El carisma liberador

“Gloria a Ti Trinidad y a los cautivos Libertad”

El proyecto de vida religiosa que nació con San Juan de Mata era, ciertamente, algo nuevo en la Iglesia medieval. Un proyecto de vida religiosa volcada a la misión en el  mundo, en la ciudad y en los caminos, y hasta los márgenes mismos de la cristiandad. Un proyecto inédito, de vida religiosa para el servicio de misericordia y redención, y todo él en función de ese servicio. Realmente, Juan de Mata necesitaba Regla propia, e Inocencio III no duda en aceptar su propuesta.

La orden que funda Juan de Mata es la “Orden de la Santa Trinidad y de la redención de los cautivos”; las casas de la orden son “casas de la Santa Trinidad para la redención de los cautivos”; y los hermanos de Juan de Mata son “hermanos de la Santa Trinidad y de los cautivos”. ¿Qué hay de original en esta repetida conexión de Trinidad y redención de los cautivos?

  • Rescatar a los hermanos en cautividad

    A Juan de Mata no le fascina la empresa militar de la liberación de los Santos Lugares. Lo que golpea su espíritu y su sensibilidad es la situación inhumana de las víctimas de esa empresa, de los hermanos en la fe sumidos en la noche de la cautividad. El proyecto de Juan de Mata no tiene nada que ver con la empresa militar. Es un proyecto de misericordia, no de estrategia; un proyecto, por tanto, completamente “desarmado”, con la única finalidad de rescatar de la cautividad a los hermanos en la fe.
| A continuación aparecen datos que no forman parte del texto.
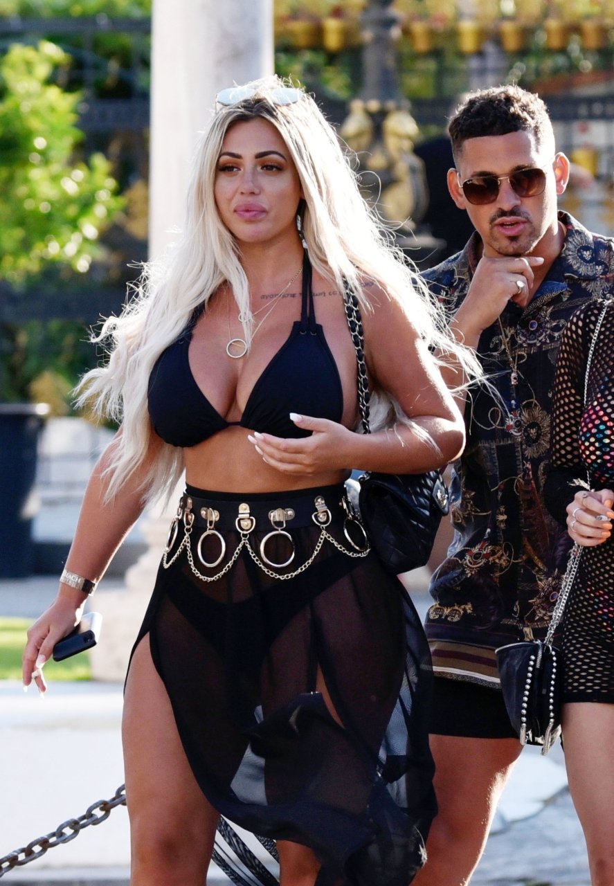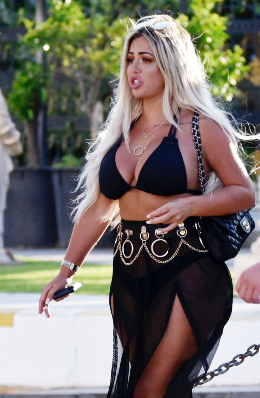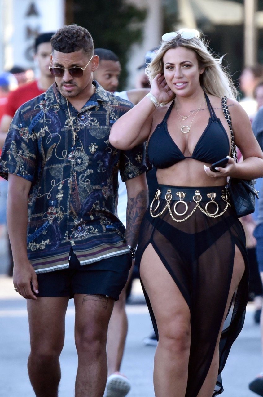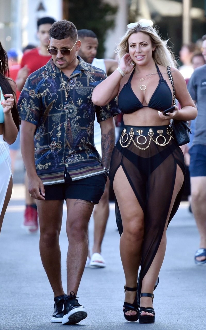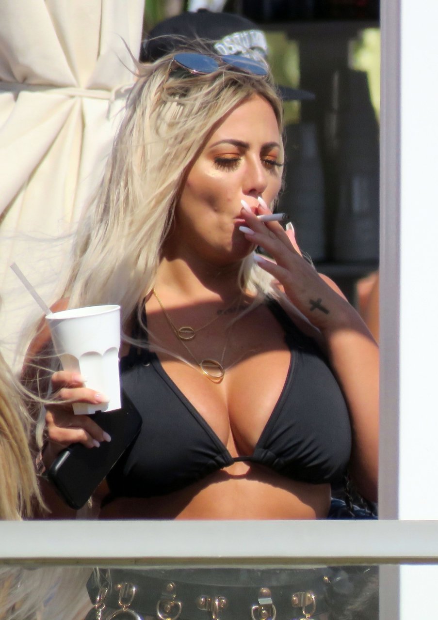Geordie Shore la estrella Holly Hagan (25) fotografiada mostrando sus envidiables curvas con un bikini de cuello halter y falda de gasa mientras estaba con amigos de vacaciones en Marbella, 28/05/2018. La estrella de la televisión reality parecía de buen ánimo mientras se la veía de fiesta con sus amigos fumando en cadena mientras disfrutaba con sus compañeros.

    El proyecto de Juan de Mata era la primera institución oficial en la Iglesia dedicada plena y específicamente al servicio de redención. Y era también, la primera institución oficial que afrontaba este servicio de ese modo: con las manos desarmadas, sin otra armadura que la misericordia, sin otra intención que la de devolver la esperanza a los hermanos en la fe bajo el yugo de la cautividad. En la primavera de 1199, Juan de Mata organiza y encabeza la primera expedición redentora, y el Papa lo presenta al dirigente musulmán en una carta que define los rasgos evangélicos de su empresa: se trata -escribe el Papa- de un “servicio de misericordia”; el hermano Juan y sus compañeros, movidos tan sólo por el mandato evangélico, han fundado “una orden”, una nueva comunidad en la Iglesia, y como tales se presentan ante vosotros: con las manos limpias y desarmadas, sin otro móvil en su acción que devolver a la libertad a sus hermanos en la fe.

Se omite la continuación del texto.